While the 37-year-old Kershaw reaching 3,000 strikeouts was seemingly assured, the next player to reach 3,000 strikeouts after him is a little tougher to pin down. It’s even tougher after that, and… then it gets real, real difficult to project.

Chris Sale is in his 15th season in the majors. At age 36, he sits at 2,528 strikeouts; still a ways off, but given he won the NL Cy Young award in 2024 while striking out a league-leading 225 batters, it’s also not difficult to see him reaching 3,000 before his career ends. The problem for Sale is health: the reason he hasn’t already logged his 3,000th strikeout is because of how the non-2024 parts of this decade have gone for him. He missed all of 2020 after undergoing Tommy John surgery, and all but nine starts in 2021 as he recovered from the procedure. He had a stress fracture in his ribs and surgery on a fractured pinky that, combined, cost him all but two starts in 2022. Then, a stress fracture in his scapula in 2023 took 70 days of his season: all told, he managed 182 strikeouts over 151 innings, which is perfectly Chris Sale, but it took three seasons to put that together.

If he can stay healthy, 3,000 shouldn’t be difficult to reach, even if the overall quality of his performance declines as he enters his late-30s.
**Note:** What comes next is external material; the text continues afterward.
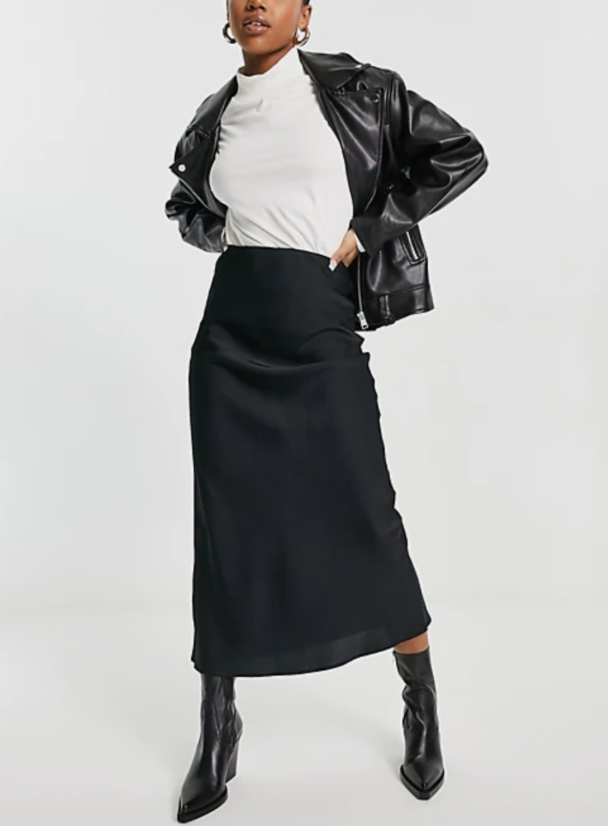 ASOS DESIGN Satin Bias Midi Skirt, $, available at ASOS

That’s a significant if, though, considering.

The next candidate for 3,000 K’s is Gerrit Cole, who is currently recovering from Tommy John surgery. The Yankees’ ace is out for all of 2025 after undergoing the procedure, but he’s expected to be back in 2026. He sits at 2,251 strikeouts, averaging 214 of them per year from 2017 through 2024, despite the pandemic-shortened 2020 and an injury-shortened 2024. From 2021 through 2023, Cole recorded 243, a league-leading 257, and 222 strikeouts. Assuming everything goes right with his surgery and recovery, then there’s little reason to expect him to pitch much differently in 2026. So he’s further away than Sale, but might have a better chance of actually getting there when you consider that he’s two years younger and has proven more durable overall. 
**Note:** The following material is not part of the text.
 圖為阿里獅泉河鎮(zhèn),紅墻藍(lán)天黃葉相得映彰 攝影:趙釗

After those two… well. Charlie Morton is next up among active leaders, but even leaving aside his horrid start to 2025, is also 41 years old and just under 900 strikeouts short. Yu Darvish just crossed the 2,000-strikeout threshold last summer, but he’s already 38. If you include his seven seasons in Nippon Professional Baseball, though, Darvish has 3,257 over his career, as he recorded 1,250 strikeouts in Japan before coming over to MLB for the 2012 season. NPB, for the record, has just four pitchers who have reached 3,000 strikeouts. 

You then have to go all the way to Aaron Nola at just 1,831 strikeouts for the next-highest active player. He would need absolutely perfect health from here on out – he’s on the IL as of this writing – while averaging around 150 strikeouts per season from now through 2032. Not impossible! But it’s the little bit of built-in improbability in these exercises that have kept so many others, Hall of Famers included, from reaching 3,000.

Ask Jacob deGrom about that. He’s arguably the greatest pitcher of his generation in terms of pure talent, and the fastest to reach 1,700 career strikeouts, as he recently achieved in May. However, it took him until he was 37 as that is measured by games – and deGrom’s years are full of injuries that have limited him from recording even more. 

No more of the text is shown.